All with a little help from Aviana and Clockwork Automaton

Susana Polo is an entertainment editor at Polygon, specializing in pop culture and genre fare, with a primary expertise in comic books. Previously, she founded The Mary Sue.

Twitch streamer GetMeowth seems to be sitting pretty at the end of this Hearthstone match. His opponent has no minions on the board, and a pitiful 2 health remaining. GetMeowth has his full 30 health and a whopping 26 armor on top of that, and a full board of primarily high-health, high-damage taunt minions. He just has to survive one turn and his victory is in the bag.

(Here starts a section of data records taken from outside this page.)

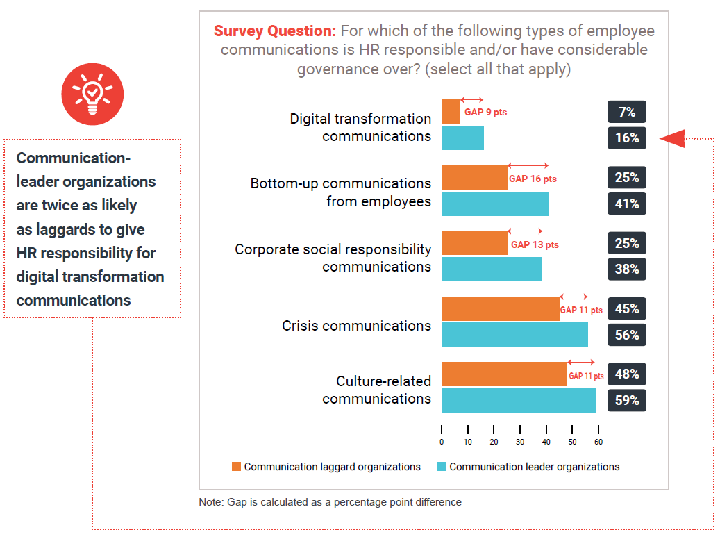Communication-leader organizations are more likely to give HR responsibility for various types of employee communication
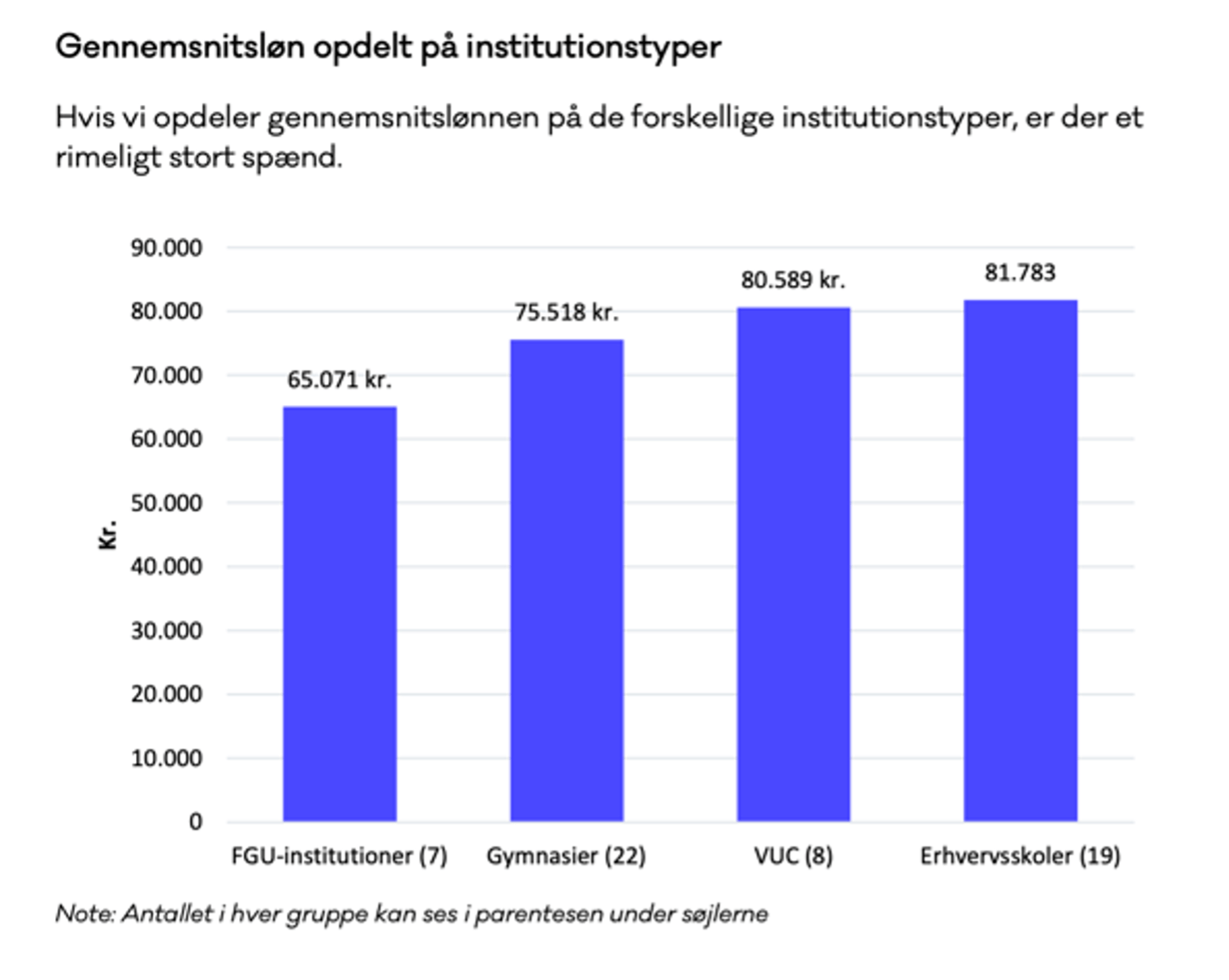 Der er stor forskel på, hvor meget den øverste leder tjener på de forskellige typer skoler. Øverste leder af en FGU-institution tjener i gennemsnit 65.071 kroner og en gymnasierektor tjener i gennemsnit 75.518 kroner mens topledere på VUC’erne i gennemsnit tjener 80.589 kroner om måneden og direktører på erhvervsskoler i gennemsnit får 81.783 kroner.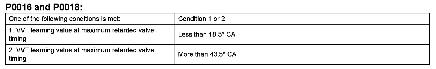 - The VVT learning value: Less than 18.5 °CA, or more than 43.5 °CA.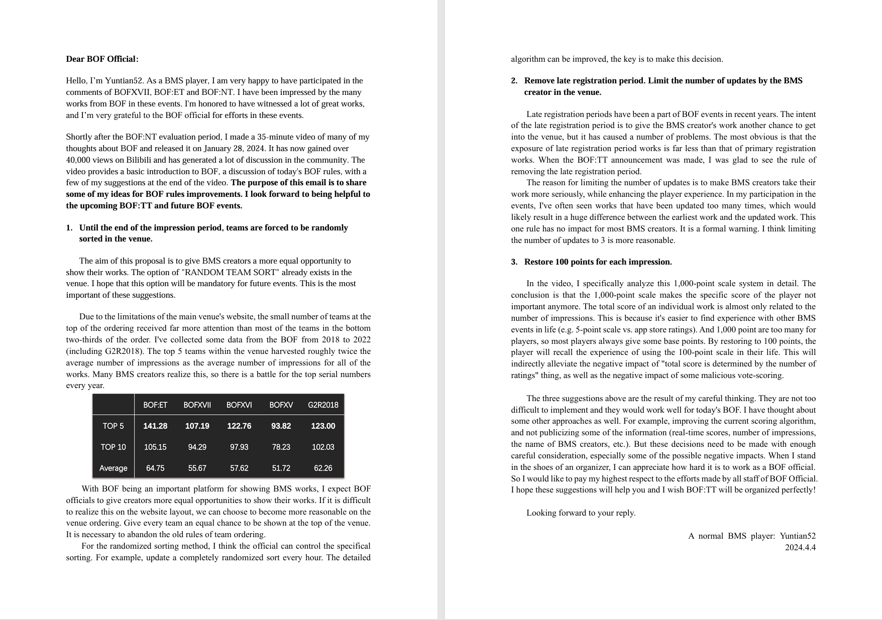 在完成毕设后,4月初我紧接着给BOF官方写了一封信,在说明这期视频影响力的同时给出了我的几条建议。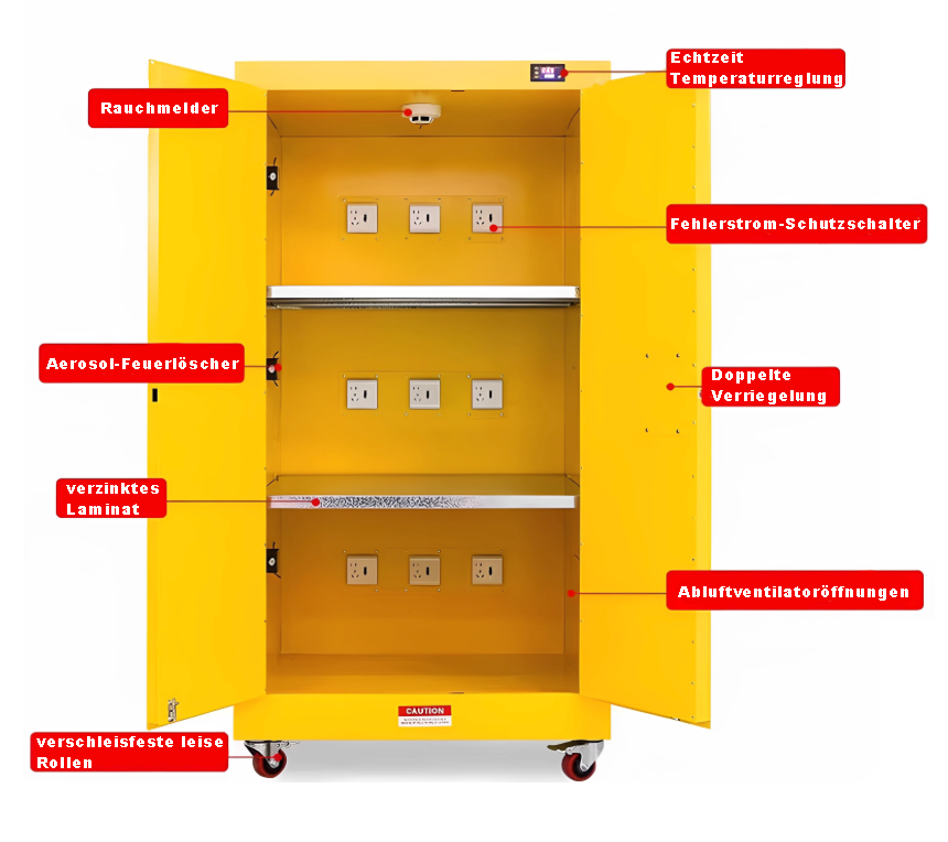 Erstens gewährleistet der Einsatz von Sicherheitsschränken zum laden und lagern von Batterien die Sicherheit der Batterien während des Ladevorgangs. Moderne Lithiumbatterien neigen dazu, während des Ladevorgangs aufgrund von Überladung, instabilen Strömen oder aus anderen Gründen zu überhitzen und sogar Feuer zu fangen. Sicherheitsschränke zum Laden von Batterien mit ihrem feuerfesten und explosionsgeschützten Design verhindern diese Unfälle wirksam. Die Temperaturüberwachung und die automatischen Feuerlöschsysteme in den Schränken erhöhen die Sicherheit des Ladevorgangs zusätzlich und ermöglichen es den Benutzern, verschiedene elektronische Geräte bedenkenlos zu verwenden.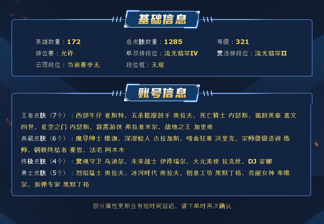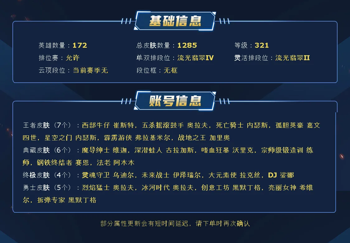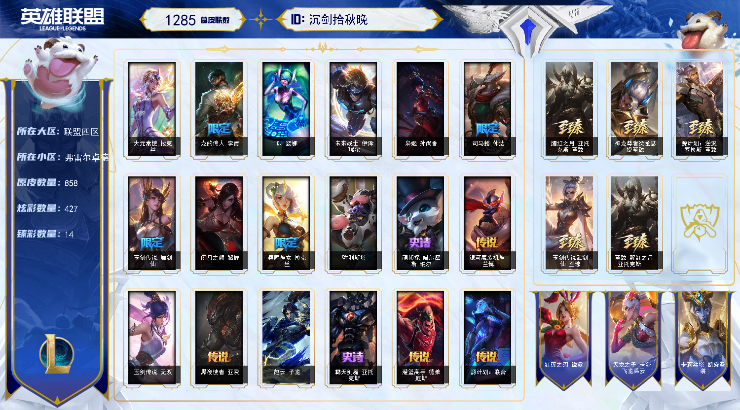 【全英雄可排位792原皮肤】烈焰美人薇恩、玉剑传说舞剑仙刀妹、司马懿仲达、广寒仙子嫦娥、蛇年蛇女、蛇年安妮、春晖神女拉克丝、电玩女神阿狸、电玩女神女枪、电玩勇者锐雯、龙年琴女、龙刀、醒狮大嘴、虎痴之拳蔚、美猴王孙悟空、玉净夜叉女警、神龙烈焰金克丝、花木兰、张辽文远、女帝卡特琳娜、泳池派对女警、征服者卡尔玛、征服者韦鲁斯、至高天劫、至高天薇古丝、星之守护者奎因、太空律动莎弥拉、屠龙勇士奥拉夫、大元素使、灵魂守卫、DJ、未来战士EZ、大魔王提莫、地底世界、电玩人马、冰雪节发条、钢铁军团拉克丝、冠军掠夺者、冠军之隐劫、惊悚派对稻草人、克格汪、万圣节莫甘娜、觅心魔灵发条、觅心游侠卢锡安、觅心之翼奎因、甜心宝贝琴女、甜心之翎洛、甜心之羽霞、万圣节人马、泳池宝石、勇者阿狸、勇者豹女、制胜金靴、FNATIC全套、暗星锤石、奥德赛凯隐、黑夜使者亚索、黎明使者锐雯、律政大亨蒙多、神拳、神王盖伦、屠龙勇士潘森、未来战士女警、星之守护者阿狸、星之守护者金克丝、源计划寒冰、貂蝉、关羽、黑夜使者厄斐琉斯、吕布、西部魔影锤石、西部魔影诺手、孙尚香、小恶魔小炮、腥红之月希维尔、战斗教授男枪、赵云、真实伤害亚索

And that’s when his opponent, Rats, plays a complicated and devastating combination of cards that not only destroys GetMeowth’s board but delivers 512 damage directly to his hero — 456 more damage than they needed to win.

Let’s break this down

If all these flipping cards and shifting minions look like Greek to you, there are two things you should know: Rats here has probably been biding their time for most of the game, stalling GetMeowth in various ways as they drew through their deck in order to pull enough of just the right cards to make this work. They probably sacrificed a lot to get here (including almost all of their health).

The other thing you should know is that Rats and GetMeowth are playing a Wild game, which means that every card in the history of Hearthstone is available to them. Hearthstone’s other play mode, Standard, only contains the previous two years of cards (roughly), and Standard is the mode in which official Hearthstone competitions are played.

In other words: No, you couldn’t pull off this particular trick in a Hearthstone tournament.

So here’s the “trick”

Set dressing: Aviana and Kun the Forgotten King

Kun the Forgotten King, a Hearthstone card. Jon Neimeister/Blizzard Entertainment

The first thing Rats does on their final turn is set the stage for their combo, which requires them to play a whole series of cards that cost a lot of mana — and the most any player gets by default is 10 mana in a single turn.

So first, they play Aviana, a 9-cost minion that makes every minion in your hand cost a mere 1 mana. Then they use their remaining 1 mana to play Kun the Forgotten King, which gives you a choice: Gain 10 armor, or refresh your mana crystals. Rats picks the latter.

Now all their minions cost only 1 mana, and they have 10 fresh mana crystals to play with.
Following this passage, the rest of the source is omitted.